Data segment:
━━━━━━

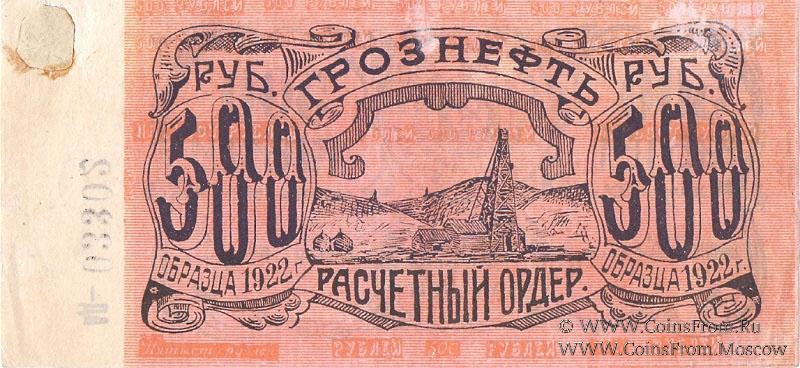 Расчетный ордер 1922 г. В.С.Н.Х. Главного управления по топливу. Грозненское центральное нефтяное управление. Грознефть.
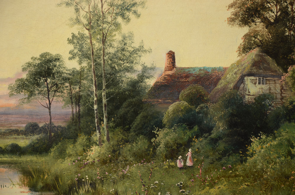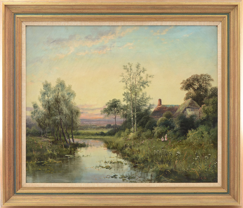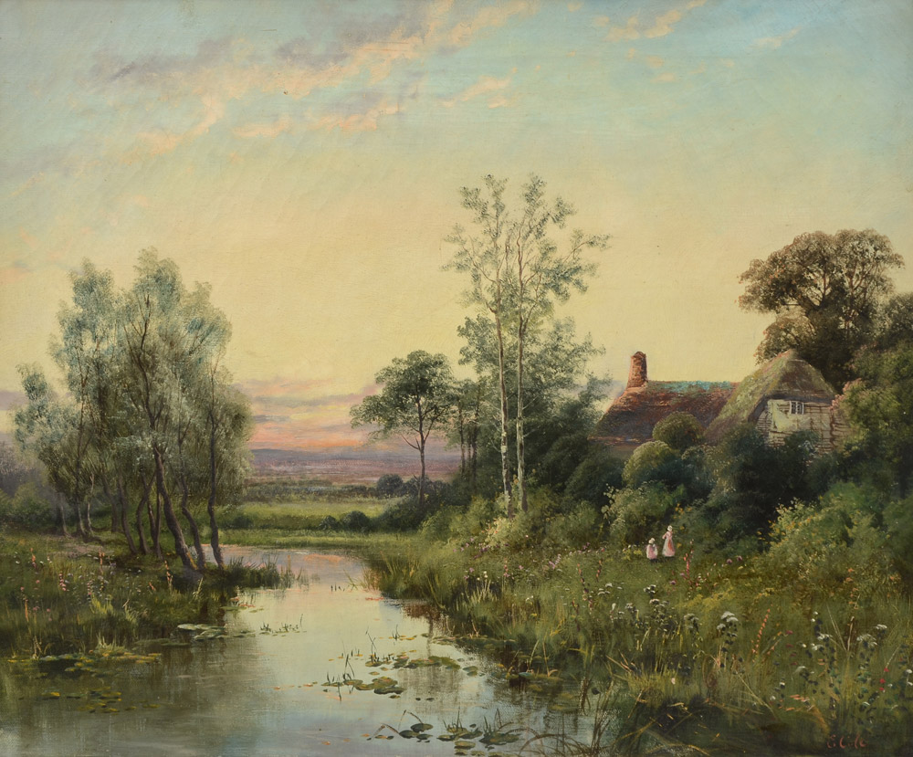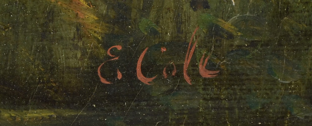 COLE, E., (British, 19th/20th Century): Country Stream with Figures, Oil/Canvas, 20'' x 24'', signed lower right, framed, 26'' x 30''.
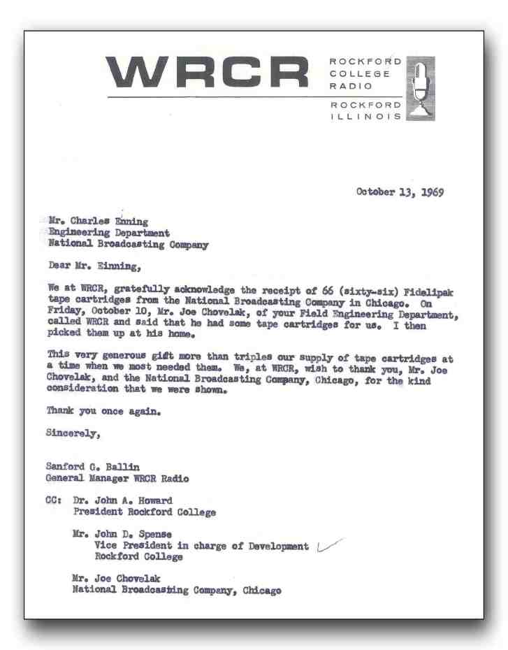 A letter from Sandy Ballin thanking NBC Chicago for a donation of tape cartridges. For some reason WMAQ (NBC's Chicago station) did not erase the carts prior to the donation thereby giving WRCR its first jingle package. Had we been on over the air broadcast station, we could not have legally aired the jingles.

━━━━━━

Work to be completed:
Reproduce exactly, and only, the lines from the one with "COLE, E., (British, 19th/20th" to the final line of the listing above; the pictures are to be left out.

Solution to the problem:
 COLE, E., (British, 19th/20th Century): Country Stream with Figures, Oil/Canvas, 20'' x 24'', signed lower right, framed, 26'' x 30''.
 A letter from Sandy Ballin thanking NBC Chicago for a donation of tape cartridges. For some reason WMAQ (NBC's Chicago station) did not erase the carts prior to the donation thereby giving WRCR its first jingle package. Had we been on over the air broadcast station, we could not have legally aired the jingles.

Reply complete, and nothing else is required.